# Pictures missing in previous post.



## CanuckTravlr (Jul 29, 2020)

*What’s your favourite Church picture while travelling?*

Someone just reactivated this thread in the Tug Lounge by posting some new photos.

I happened to go back to my post #45 and the pics I had posted there are gone, together with any comments.  In their place is just the word "-DELETED-".  I believe I had pictures of two churches, a small wooden church in Newfoundland, plus some of Coventry Cathedral in England.

I certainly didn't delete them.  Is this a technical issue, or did I do something wrong or somehow post the pictures incorrectly?  If so, I would like to know, so that I don't repeat the mistake.


----------



## bbodb1 (Jul 29, 2020)

Is it possible the link to the pictures has changed in some way?  Or perhaps the access to the photos in question has changed?  The server the photos was housed on changed (or went dark)...


----------



## bbodb1 (Jul 29, 2020)

Oh wow @CanuckTravlr - I now see what you are talking about...



CanuckTravlr said:


> - DELETED -



That post literally was deleted.  I wonder if a system upgrade to the board may have changed what is (and is not) acceptable as a link.....perhaps the link did not mesh the new system requirements.  Do you happen to remember what the link was to (what church photo)?

When I first read your post, I recalled seeing some photos in the past that had a red X and the word DELETED - which to me, is a more likely indication the link has failed (i.e. no longer valid for some reason).


----------



## CanuckTravlr (Jul 29, 2020)

They weren't links.  Maybe that is the issue.  I attached digital copies of my personal photos taken with my Canon SD500 Elph (Newfoundland) and my Canon EOS 70D (Coventry).  These were personal photos, so I own any copyright, and by personally posting that copyright is waived, as I understand it.

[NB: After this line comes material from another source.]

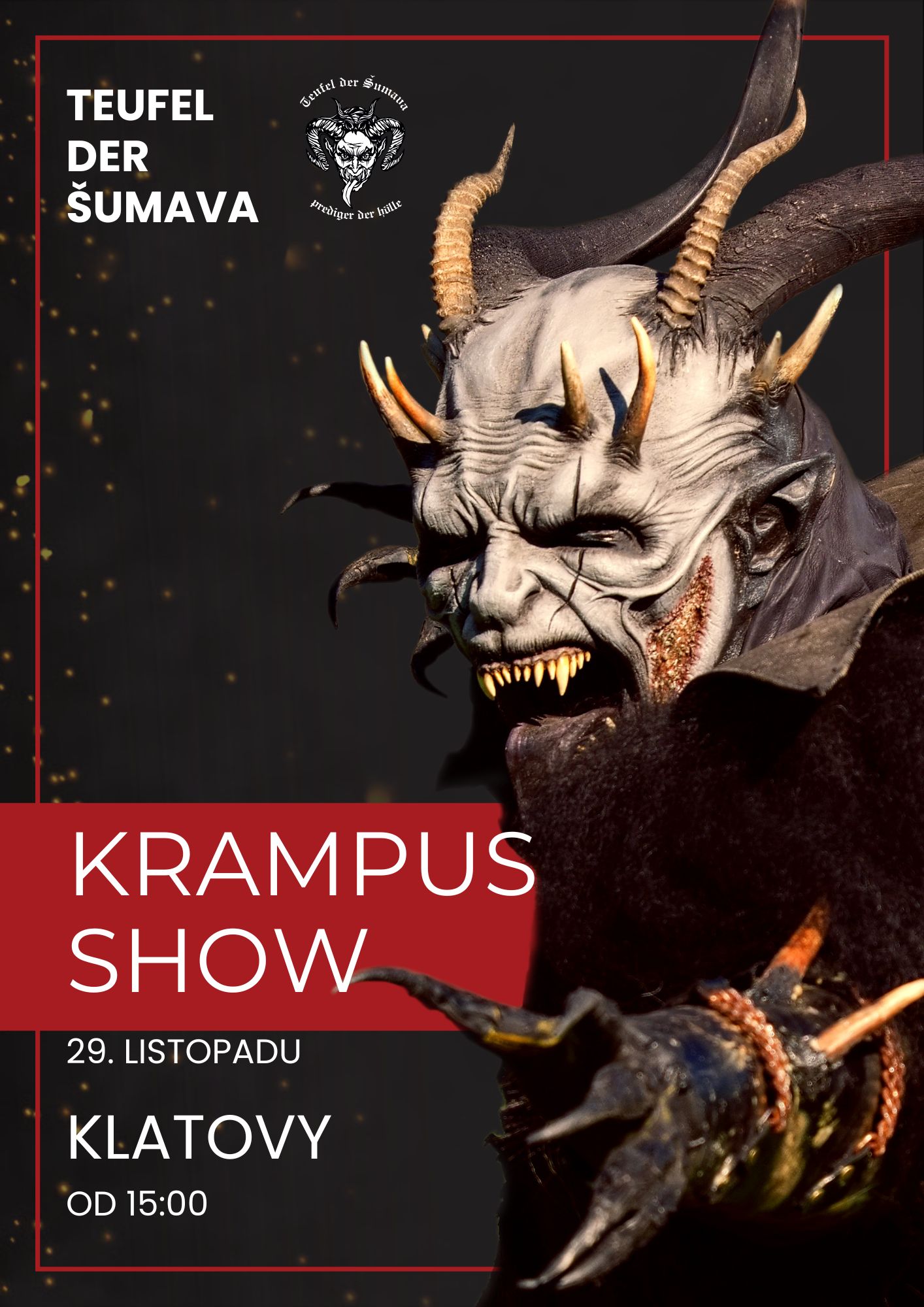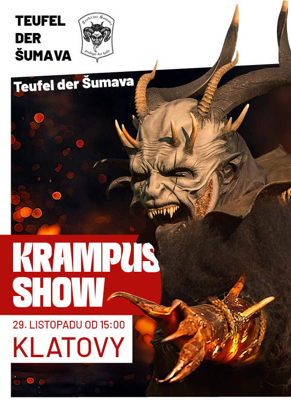Pojďte s námi na Sokolský stadion v Klatovech objevit kouzlo Krampusu se skupinou Teufel der Šumava,která pro Vás zahraje Krampus pohádku,po které se i Vaše děti zbaví strachu a obav z čertů a také díky tomu pochopíte tradici Rakouského Krampusu z čehož vlastně tento příběh vzešel.Představí Vám i své hosty z Rakouska a Německa v počtu až 110 Krampusáků a Teufel der Šumava 30 členů.

Yes, the "deleted" puzzles me.  If it has been altered by a moderator or administrator, there is normally a comment to that effect.  Very strange!!


----------



## Karen G (Jul 29, 2020)

I went back to take a look and see that the post was deleted but I don't see any indication of why.  Can you repost the pictures you had before?  I've really enjoyed seeing all the beautiful churches from around the world.  A post near yours showed that two threads of church pictures were merged and maybe something happened in the merger that left your post out, but there certainly was nothing wrong with posting the church pictures. That thread is a lovely, positive one and is appreciated!


----------



## CanuckTravlr (Jul 29, 2020)

Karen G said:


> I went back to take a look and see that the post was deleted but I don't see any indication of why.  Can you repost the pictures you had before?  I've really enjoyed seeing all the beautiful churches from around the world.  A post near yours showed that two threads of church pictures were merged and maybe something happened in the merger that left your post out, but there certainly was nothing wrong with posting the church pictures. That thread is a lovely, positive one and is appreciated!

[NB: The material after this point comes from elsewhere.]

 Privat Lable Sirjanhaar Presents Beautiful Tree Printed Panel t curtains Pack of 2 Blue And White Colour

Thanks, Karen.  I will re-post them in a new post.  As I say in my follow-up comments in post #4, I thought it was strange. Your possible explanation may be what happened.  Just wanted to check that I hadn't committed some violation before I re-posted them.  I, too, very much enjoy the pictures in this thread, as I do the thread on "Bridges"!

Now I just have to figure out which specific pictures to re-post, since I have multiple pics for both churches.  I think I did two for each and think I know which ones they are.  Thanks again, everyone, for your quick and helpful replies!!


----------



## nerodog (Jul 29, 2020)

CanuckTravlr said:


> *What’s your favourite Church picture while travelling?*
> 
> Someone just reactivated this thread in the Tug Lounge by posting some new photos.
> 
> ...


I just reactivated by posting a new pic...nothing out of ordinary happened when I posted.   I  wonder how that happened. ??


----------



## TUGBrian (Jul 29, 2020)

there is nothing in the board software im aware of that would replace a post with "Deleted"....this is usually done by a moderator or the OP when removing content.

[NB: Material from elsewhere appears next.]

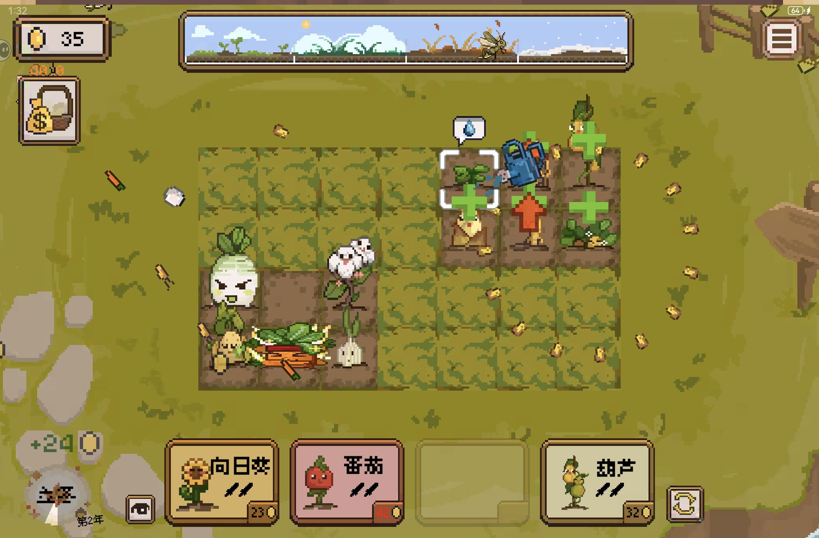 最近想了一些更新的内容,但是还是觉得植物池子已经挺深了,有点不想再加额外植物了,所以就想了一些额外的玩法,最后锁定了每年结束时选择一项道具进行提升,还有一些局外内容作为初始道具可以携带进游戏。如果大家有好的点子欢迎随时提出来~#丰收轮回

provide a link to the post in question?


----------



## dioxide45 (Jul 29, 2020)

I think this is the post.









						What’s your favourite Church picture while travelling?
					

Hopefully the photo...




					tugbbs.com
				




I notice that it doesn't say the post was edited, which would mean it was edited within the first few minutes after being posted. I think if a mod updates a post, then it always shows edited by a moderator. But if a user updates a post in the few minutes after posting, there is no indication of an edit. If the OP edits their post later, like the next day, it will indicate an edit was made.


----------



## CanuckTravlr (Jul 29, 2020)

TUGBrian said:


> there is nothing in the board software im aware of that would replace a post with "Deleted"....this is usually done by a moderator or the OP when removing content.
> 
> provide a link to the post in question?



That is what I found so odd.  I would have had no reason to delete it (at least not intentionally).  Here is the link to the post:



CanuckTravlr said:


> - DELETED -


----------